The efficiency of a CO2 sequestration operation depends on risks associated with storage, several of which can be estimated by i) the time the plume takes to reach the top seal; ii) maximum lateral extent of the plume and iii) the percentage of mobile CO2 present at any time. A database has been created from a large number of compositional reservoir simulations for different reservoir parameters including porosity, permeability, permeability anisotropy, reservoir depth, thickness, dip and perforation interval. We use a dimensionless ratio of gravity to viscous forces to formulate different correlations with the factors that contribute to sequestration efficiency. We update a previously reported correlation for time to hit the top seal and develop a new correlation for the maximum lateral extent of the plume using a newly created database for different reservoir and operating properties. A correlation for percentage of mobile CO2 during the buoyancy dominated post injection period is also developed.

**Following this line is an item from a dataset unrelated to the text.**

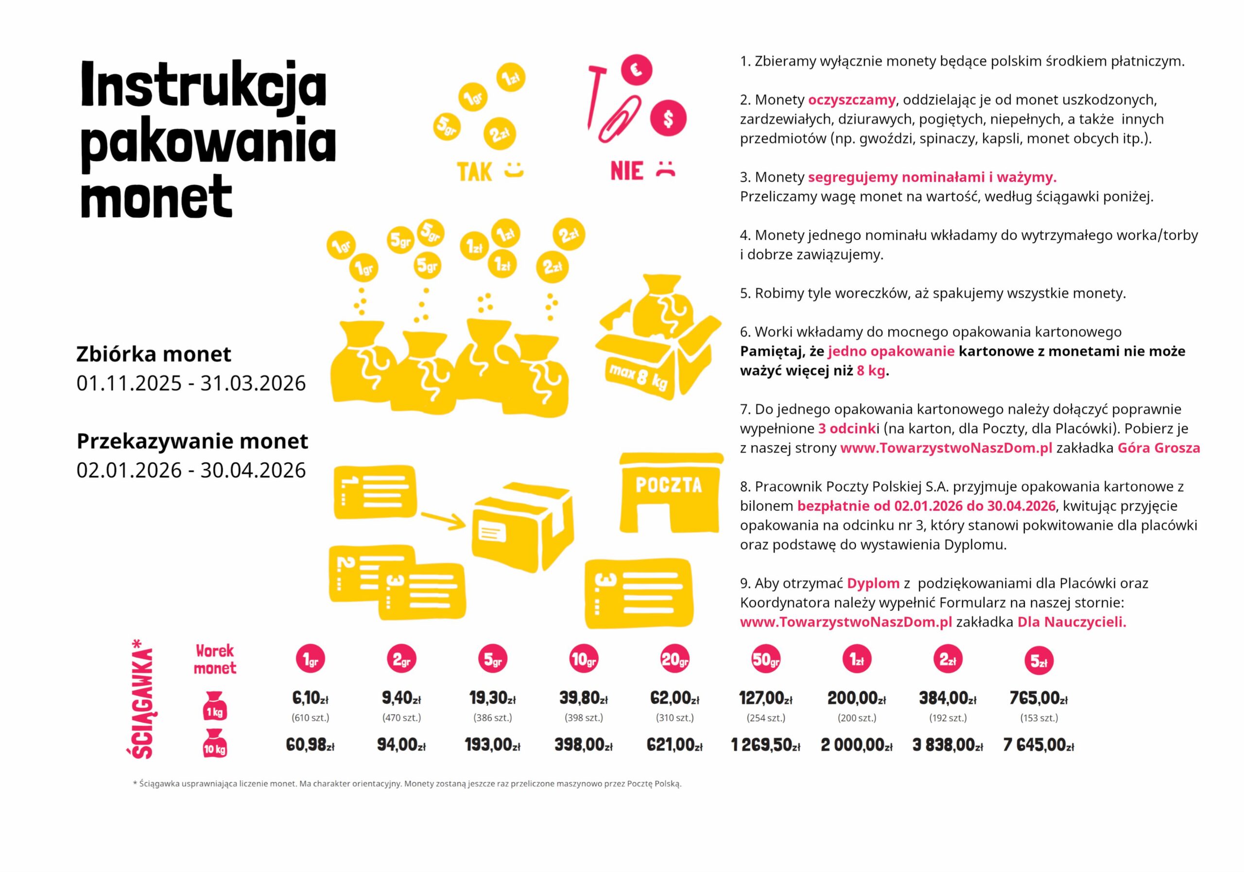 2. Możliwa jest zbiórka większych nominałów, jednakże dla organizatorów akcji podstawowym celem jest uświadomienie dzieciom i młodzieży, że najdrobniejsze monety zebrane w tak dużej ilości mogą stworzyć fundusz, dzięki któremu udzielona zostanie pomoc bardzo wielu ich koleżankom i kolegom, którzy znaleźli się w trudnej sytuacji życiowej.

We find that normalizing the maximum lateral extent by a characteristic length yields a reasonable correlation with the gravity number. This characteristic length is determined as the maximum lateral distance traveled by plume at any time assuming constant sand face velocity. The correlation confirms that low gravity number allows the plume to travel laterally due to high viscous forces while a high gravity number allows it to move faster in vertical direction due to strong gravity forces. The change in mobile CO2 after injection ends also correlates well with gravity number. We normalize the change in mobile CO2 fraction (or, equivalently, the change in trapped CO2 fraction) after the end of injection by a characteristic CO2 saturation. The characteristic saturation is obtained by considering the volume filled by vertical, buoyancy-driven movement through the area associated with the maximum plume extent.

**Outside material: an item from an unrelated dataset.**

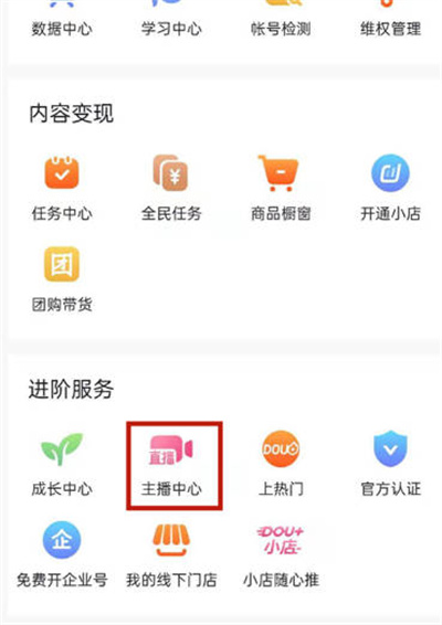 接着在全部分类中,需要找到主播中心的功能,在最下面的进阶服务这里即可找到。

The correlations reproduce almost all simulation results within a factor of two, and this is adequate for rapid ranking or screening of prospective storage reservoirs.

Introduction
The continuous emission of CO2 into the atmosphere has increased its concentration from 280 ppm by volume in pre-industrial times (1970) to 387 ppm by volume at present. Geological sequestration of CO2 in deep saline reservoirs is a viable option to restrict this rapidly increasing CO2 concentration in the atmosphere. Large deep saline aquifers, which are not underground sources of potable water, are present in different sedimentary basins around the world. The current paradigm for geologic sequestration of CO2 envisions injection in supercritical state to reduce the volume needed for storage and to avoid adverse
effects of CO2 separating into liquid and gas phases in the injection system. The trapping mechanisms which contribute to secure CO2 storage include structural or stratigraphic trapping beneath the top seal, residual phase trapping in which CO2 is trapped as residual gas saturation when water imbibes back into CO2 plume after the injection, local capillary trapping when CO2 is trapped at or above residual saturation in regions within a heterogeneous formation (Saadatpoor et al., 2010), dissolution into formation brine (solubility trapping) and precipitation of carbonate minerals (mineral trapping) .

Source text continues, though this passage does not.